- **TASK REQUIREMENTS**: Beginning at the line containing "The year stored" in the material below and ending at the line containing "Ruhe sanftRainer Dorfmann", return each line exactly and add nothing.

- **RECORDS SUPPLIED**:
*****

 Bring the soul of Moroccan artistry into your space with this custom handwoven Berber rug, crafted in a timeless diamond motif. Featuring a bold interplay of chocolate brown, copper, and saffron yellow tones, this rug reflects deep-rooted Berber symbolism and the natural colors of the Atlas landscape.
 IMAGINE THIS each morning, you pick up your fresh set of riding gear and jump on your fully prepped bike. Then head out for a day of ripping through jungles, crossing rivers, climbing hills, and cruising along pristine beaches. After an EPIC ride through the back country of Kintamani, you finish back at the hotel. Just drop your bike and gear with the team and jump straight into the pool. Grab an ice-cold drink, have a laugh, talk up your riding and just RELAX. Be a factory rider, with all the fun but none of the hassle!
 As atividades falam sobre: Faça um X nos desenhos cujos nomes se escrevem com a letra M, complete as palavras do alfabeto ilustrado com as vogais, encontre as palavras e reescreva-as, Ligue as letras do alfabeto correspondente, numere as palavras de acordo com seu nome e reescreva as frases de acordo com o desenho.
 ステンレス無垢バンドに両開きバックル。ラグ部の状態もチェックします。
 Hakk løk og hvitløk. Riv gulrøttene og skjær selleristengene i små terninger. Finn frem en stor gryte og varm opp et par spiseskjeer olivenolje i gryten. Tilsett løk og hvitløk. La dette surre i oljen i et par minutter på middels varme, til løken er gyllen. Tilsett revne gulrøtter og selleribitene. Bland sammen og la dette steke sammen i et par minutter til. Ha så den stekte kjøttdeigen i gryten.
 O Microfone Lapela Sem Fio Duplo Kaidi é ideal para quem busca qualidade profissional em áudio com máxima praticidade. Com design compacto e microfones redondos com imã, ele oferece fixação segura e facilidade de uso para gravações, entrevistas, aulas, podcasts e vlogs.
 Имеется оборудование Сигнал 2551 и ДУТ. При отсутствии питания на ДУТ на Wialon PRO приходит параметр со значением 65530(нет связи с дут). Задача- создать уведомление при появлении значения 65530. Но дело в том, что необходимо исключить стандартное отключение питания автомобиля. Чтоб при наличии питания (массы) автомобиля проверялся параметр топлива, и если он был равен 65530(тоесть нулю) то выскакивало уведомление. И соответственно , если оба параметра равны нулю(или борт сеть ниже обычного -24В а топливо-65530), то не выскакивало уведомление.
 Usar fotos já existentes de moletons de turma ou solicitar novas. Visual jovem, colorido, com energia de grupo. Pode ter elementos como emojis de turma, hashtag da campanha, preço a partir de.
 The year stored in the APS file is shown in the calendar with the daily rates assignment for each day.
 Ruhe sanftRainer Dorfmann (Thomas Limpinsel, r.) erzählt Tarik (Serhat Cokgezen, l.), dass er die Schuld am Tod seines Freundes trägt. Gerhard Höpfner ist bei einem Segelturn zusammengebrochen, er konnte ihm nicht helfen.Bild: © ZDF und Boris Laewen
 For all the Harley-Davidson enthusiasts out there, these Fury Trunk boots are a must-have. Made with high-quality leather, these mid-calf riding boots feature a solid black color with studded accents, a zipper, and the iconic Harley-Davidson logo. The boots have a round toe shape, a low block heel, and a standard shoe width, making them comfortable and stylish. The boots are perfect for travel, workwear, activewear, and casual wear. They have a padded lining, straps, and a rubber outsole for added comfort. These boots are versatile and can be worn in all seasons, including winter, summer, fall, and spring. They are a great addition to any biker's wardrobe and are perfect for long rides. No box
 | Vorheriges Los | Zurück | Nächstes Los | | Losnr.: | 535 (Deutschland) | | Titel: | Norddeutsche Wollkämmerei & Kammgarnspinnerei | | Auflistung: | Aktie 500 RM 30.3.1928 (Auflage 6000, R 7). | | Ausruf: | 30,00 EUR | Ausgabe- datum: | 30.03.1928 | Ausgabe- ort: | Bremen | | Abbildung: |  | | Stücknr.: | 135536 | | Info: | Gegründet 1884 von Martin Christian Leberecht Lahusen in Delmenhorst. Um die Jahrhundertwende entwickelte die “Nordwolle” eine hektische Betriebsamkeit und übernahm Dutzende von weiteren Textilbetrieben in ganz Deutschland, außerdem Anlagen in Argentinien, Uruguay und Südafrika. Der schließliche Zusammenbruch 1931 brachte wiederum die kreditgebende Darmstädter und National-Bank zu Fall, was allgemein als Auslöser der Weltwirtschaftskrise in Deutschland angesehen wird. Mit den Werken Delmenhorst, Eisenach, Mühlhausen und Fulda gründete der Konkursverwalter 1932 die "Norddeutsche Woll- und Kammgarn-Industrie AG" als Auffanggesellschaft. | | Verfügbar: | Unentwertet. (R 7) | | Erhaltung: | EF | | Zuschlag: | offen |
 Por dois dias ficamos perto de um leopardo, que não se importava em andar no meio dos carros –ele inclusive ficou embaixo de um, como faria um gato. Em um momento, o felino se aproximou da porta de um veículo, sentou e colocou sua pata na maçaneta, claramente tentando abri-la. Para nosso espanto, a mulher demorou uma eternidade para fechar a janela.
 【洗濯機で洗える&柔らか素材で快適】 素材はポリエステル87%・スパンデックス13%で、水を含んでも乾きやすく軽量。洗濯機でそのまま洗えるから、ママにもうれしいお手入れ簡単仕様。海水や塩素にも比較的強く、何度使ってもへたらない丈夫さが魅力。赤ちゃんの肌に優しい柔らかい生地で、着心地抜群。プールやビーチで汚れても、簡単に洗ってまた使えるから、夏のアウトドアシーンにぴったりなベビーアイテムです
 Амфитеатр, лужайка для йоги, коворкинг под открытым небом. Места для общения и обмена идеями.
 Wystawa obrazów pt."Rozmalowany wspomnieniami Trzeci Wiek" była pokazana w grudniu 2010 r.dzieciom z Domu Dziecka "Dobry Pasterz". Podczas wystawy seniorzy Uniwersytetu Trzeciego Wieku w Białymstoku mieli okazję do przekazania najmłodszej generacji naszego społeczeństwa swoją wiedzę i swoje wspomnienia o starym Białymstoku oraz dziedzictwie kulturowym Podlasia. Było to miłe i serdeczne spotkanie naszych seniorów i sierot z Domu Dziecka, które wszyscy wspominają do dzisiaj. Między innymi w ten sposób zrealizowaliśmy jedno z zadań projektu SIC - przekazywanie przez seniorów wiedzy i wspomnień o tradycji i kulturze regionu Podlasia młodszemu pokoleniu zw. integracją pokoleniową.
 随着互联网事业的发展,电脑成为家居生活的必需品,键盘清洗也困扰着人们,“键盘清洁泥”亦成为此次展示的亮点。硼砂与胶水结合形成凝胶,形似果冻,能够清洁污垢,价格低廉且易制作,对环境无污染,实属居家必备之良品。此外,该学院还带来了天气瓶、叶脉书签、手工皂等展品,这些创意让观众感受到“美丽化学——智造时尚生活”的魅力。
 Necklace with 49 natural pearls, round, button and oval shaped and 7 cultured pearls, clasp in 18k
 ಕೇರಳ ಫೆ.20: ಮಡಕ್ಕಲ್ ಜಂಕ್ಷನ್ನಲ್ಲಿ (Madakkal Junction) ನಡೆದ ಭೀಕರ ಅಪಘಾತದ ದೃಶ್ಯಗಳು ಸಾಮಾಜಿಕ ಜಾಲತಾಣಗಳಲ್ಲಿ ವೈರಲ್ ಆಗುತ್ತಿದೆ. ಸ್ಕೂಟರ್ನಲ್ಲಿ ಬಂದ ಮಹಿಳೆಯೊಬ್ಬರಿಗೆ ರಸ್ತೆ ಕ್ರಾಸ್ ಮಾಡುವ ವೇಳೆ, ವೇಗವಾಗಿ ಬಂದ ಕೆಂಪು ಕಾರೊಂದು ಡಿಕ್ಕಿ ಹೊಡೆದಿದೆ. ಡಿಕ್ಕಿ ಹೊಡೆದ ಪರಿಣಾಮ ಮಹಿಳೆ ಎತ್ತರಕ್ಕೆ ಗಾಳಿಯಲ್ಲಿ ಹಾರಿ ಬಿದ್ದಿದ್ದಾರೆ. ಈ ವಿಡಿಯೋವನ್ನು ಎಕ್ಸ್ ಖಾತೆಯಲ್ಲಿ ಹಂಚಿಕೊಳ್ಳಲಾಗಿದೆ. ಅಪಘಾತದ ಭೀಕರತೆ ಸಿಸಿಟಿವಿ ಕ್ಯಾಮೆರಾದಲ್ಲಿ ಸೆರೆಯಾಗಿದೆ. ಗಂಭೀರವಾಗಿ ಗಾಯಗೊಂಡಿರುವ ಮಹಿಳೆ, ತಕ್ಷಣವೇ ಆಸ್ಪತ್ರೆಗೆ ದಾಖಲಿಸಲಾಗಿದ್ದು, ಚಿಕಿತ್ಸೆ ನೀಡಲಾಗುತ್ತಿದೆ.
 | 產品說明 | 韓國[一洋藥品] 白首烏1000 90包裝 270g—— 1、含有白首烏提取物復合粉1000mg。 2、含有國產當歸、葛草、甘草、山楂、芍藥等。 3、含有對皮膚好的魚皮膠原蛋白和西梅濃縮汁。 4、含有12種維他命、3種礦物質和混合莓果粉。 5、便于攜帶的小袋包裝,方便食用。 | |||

*****

- **SOLUTION BELOW**:
 The year stored in the APS file is shown in the calendar with the daily rates assignment for each day.
 Ruhe sanftRainer Dorfmann (Thomas Limpinsel, r.) erzählt Tarik (Serhat Cokgezen, l.), dass er die Schuld am Tod seines Freundes trägt. Gerhard Höpfner ist bei einem Segelturn zusammengebrochen, er konnte ihm nicht helfen.Bild: © ZDF und Boris Laewen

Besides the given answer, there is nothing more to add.